Al momento, forse per paura, meschina vigliaccheria o chissà cosa, non ho alcuna intenzione di fare un’analisi preventiva: conoscendomi, so che se il test risultasse positivo e che dunque sarei condannato a patire quella vergogna, sarei capace di commettere un gesto inconsulto per non arrecare alcuna sofferenza ai miei cari. Evitare loro il dolore di dovermi stare dietro ventiquattrore su ventiquattro per evitare che commetta delle sciocchezze,  possa farmi del male o farne a  qualcuno; lavarmi e cambiarmi i pannoloni ogni volta che urino o defeco; cambiarmi il catetere quando è pieno, se ne avessi bisogni; estrarmi dall’ano le feci infilandovi le dita guantate!

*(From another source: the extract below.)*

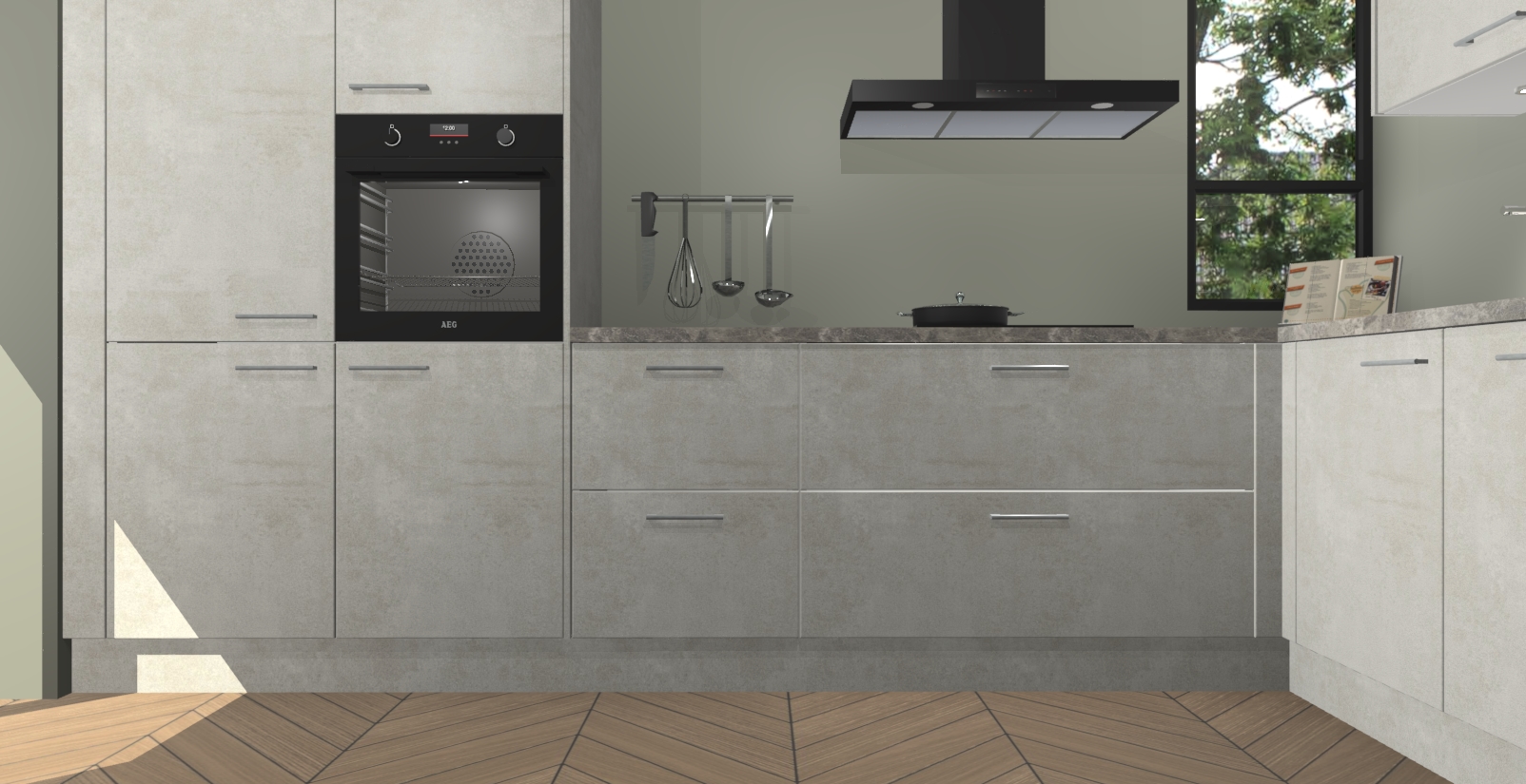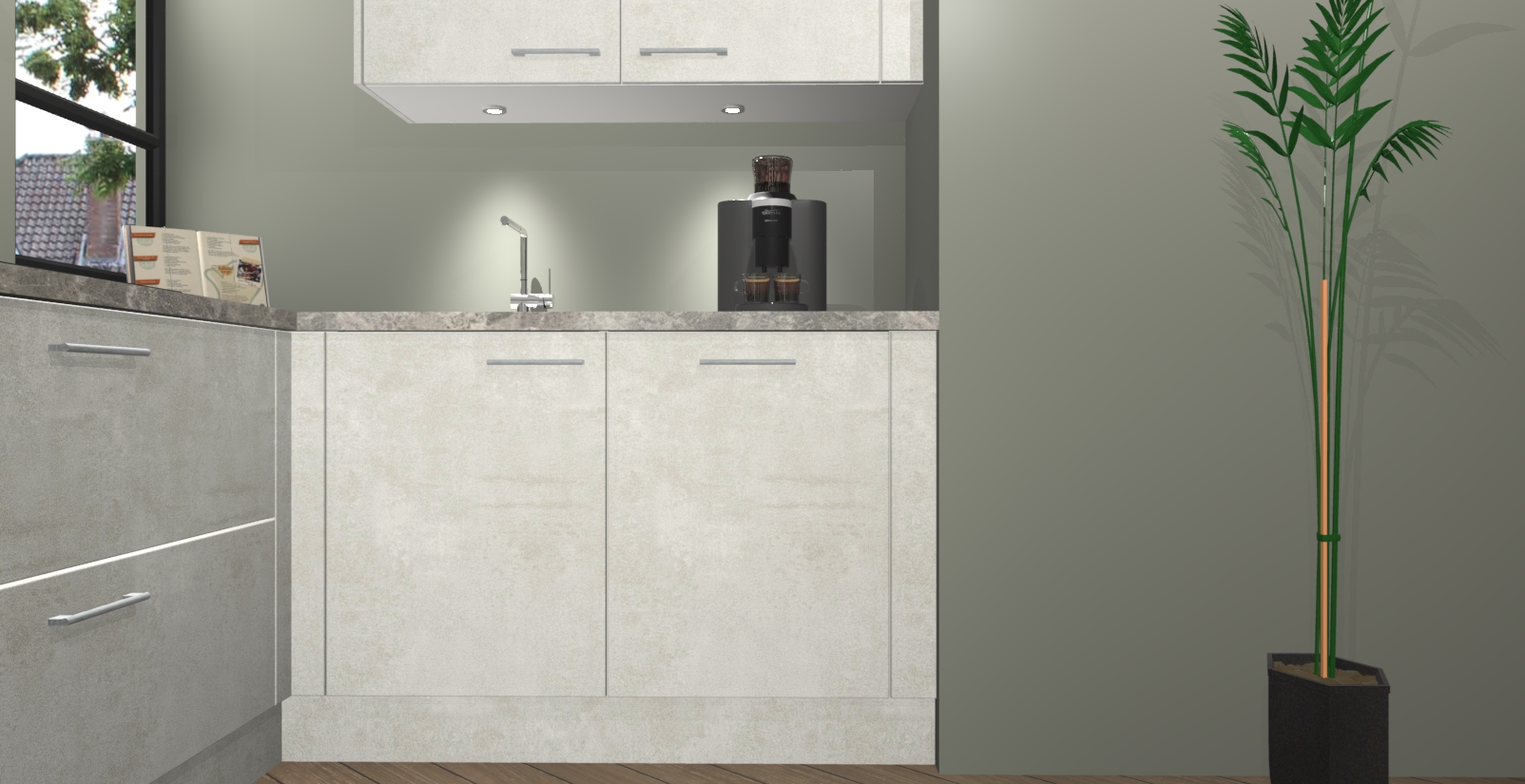 Welkom in uw nieuwe moderne keuken! Laat ons u voorstellen aan de Beton Opal keuken Vlaanderen . Deze prachtige hoekkeuken straalt exclusiviteit en luxe uit als geen ander. Het strakke design, de tijdloze kleuren en het model maken van deze keuken een moderne klassieker. En met voldoende opbergruimte heeft deze keuken echt voor ieder wat wils.

Per quanto ci si affanni, al momento contro l’Alzheimer non esiste una cura se non quella atta a  prolungare in maniera ossessionate l’agonia dell’ammalato e le sofferenze di chi gli sta vicino cosciente della propria impotenza nel fare tutto e di più. Eppure dispostI a qualsiasi sacrificio, sia economico che morale, pur di avere la coscienza a posto!     

Ho sempre detto a mia moglie e ai miei figli che, se un giorno anch’io dovessi ammalarmi di Alzheimer, esigo di non essere curato in casa. Ma di ricoverarmi in clinica perché non voglio assolutamente condizionare le loro vite, specialmente quelle dei miei figli e dei miei nipoti semmai ne avrò!

La versione di Barney, che tanto mi ha fatto sorridere mentre la leggevo, alla fine, si sta rivelando un’inesorabile specchio che impone alla mia coscienza di guadare in faccia alla realtà, ponendosi un’infinità di domande. Prima tra tutte se non fosse il caso di fare un’analisi preventiva!

E se poi?… Che faccio?

 

 
Rispondi al commento:
bimbadepoca
bimbadepoca il 09/09/10 alle 17:18 via WEB
Mi verrebbe da rispondere le stesse cose che ti dicevo stamattina al telefono: non puoi fasciarti la testa prima di romperla. Non hai nessuna certezza d'ammalarti di Alzheimer. Da qui a dieci, quindici anni potrebbero trovare una cura.
Ma poi leggendo il tuo sfogo, la tua paura, la descrizione di quello che deve essere il tuo calvario quotidiano con tuo padre, credo che che questa malattia colpisca molto di più i figli. In un certo senso è come se di Alzheimer fossi ammalato adesso, che lo vivi e ne sei cosciente.